Assisting Bay Area Air Pollution Management of Surface PM2.5 by Using Satellite AOD Data

Surface fine particulate matter less than 2.5 microns in diameter (PM2.5) imposes numerous health risks to population around the world. Making decisions based on the surface PM2.5 concentrations by health department and other stakeholders requires more accurate quantification and characterization of the surface PM2.5 distribution, the spatial variabilities on the community scale, as well as analyses that utilize ground-based monitors, satellite information and model simulations. In this work, we will first present a visualization tool based on the ArcGIS platform that displays the satellite aerosol optical depth (AOD) with the background of geographical information. Using this visualization tool, a composite dataset is selected by choosing days with good correlations between AOD and surface PM2.5, and spatial variabilities of the columnar AOD in the Bay Area will be analyzed. Second, we will derive the surface PM2.5 based on the satellite AOD information by using regression and spatial models. A sensitivity test was conducted using two different types of regression algorithms, and the results showed that the inverse distance weighted (IDW) method has better statistical correlations between AOD and surface PM2.5 compared to the B-spline method. Lastly, we will present a survey on various PM2.5 datasets, method, and their limitations.
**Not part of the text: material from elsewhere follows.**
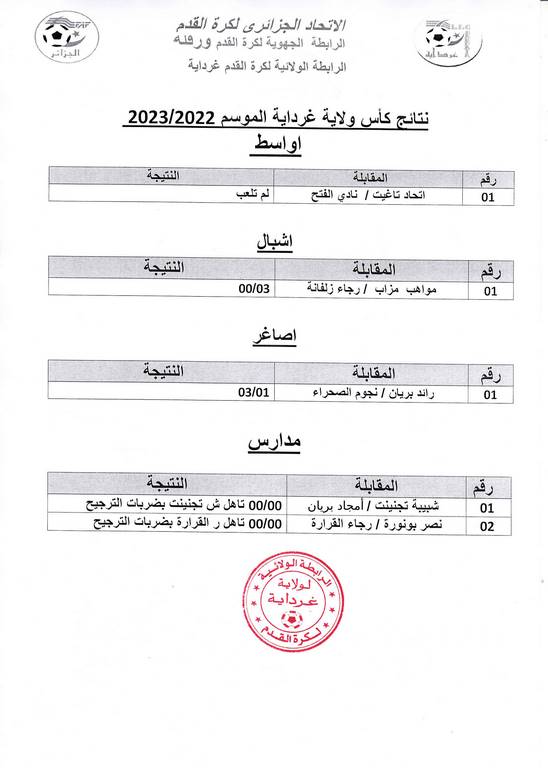 نتائج كأس ولاية غرداية للموسم 2022/2023

This survey will contrast three publicly available PM2.5 datasets that are frequently used for public health purposes, including the CDC WONDER data, the Dalhousie University data, and the CDC Tracking Network data. A summary on the commonly used method to generate PM2.5 exposure datasets will be given, and this survey calls for more long-term, consistent validation on the PM2.5 exposure data, and provides a guidance to users who access publicly available PM2.5 for health exposure analyses. This work is based on our research as a member of the NASA Health and Air Quality Applied Science Team.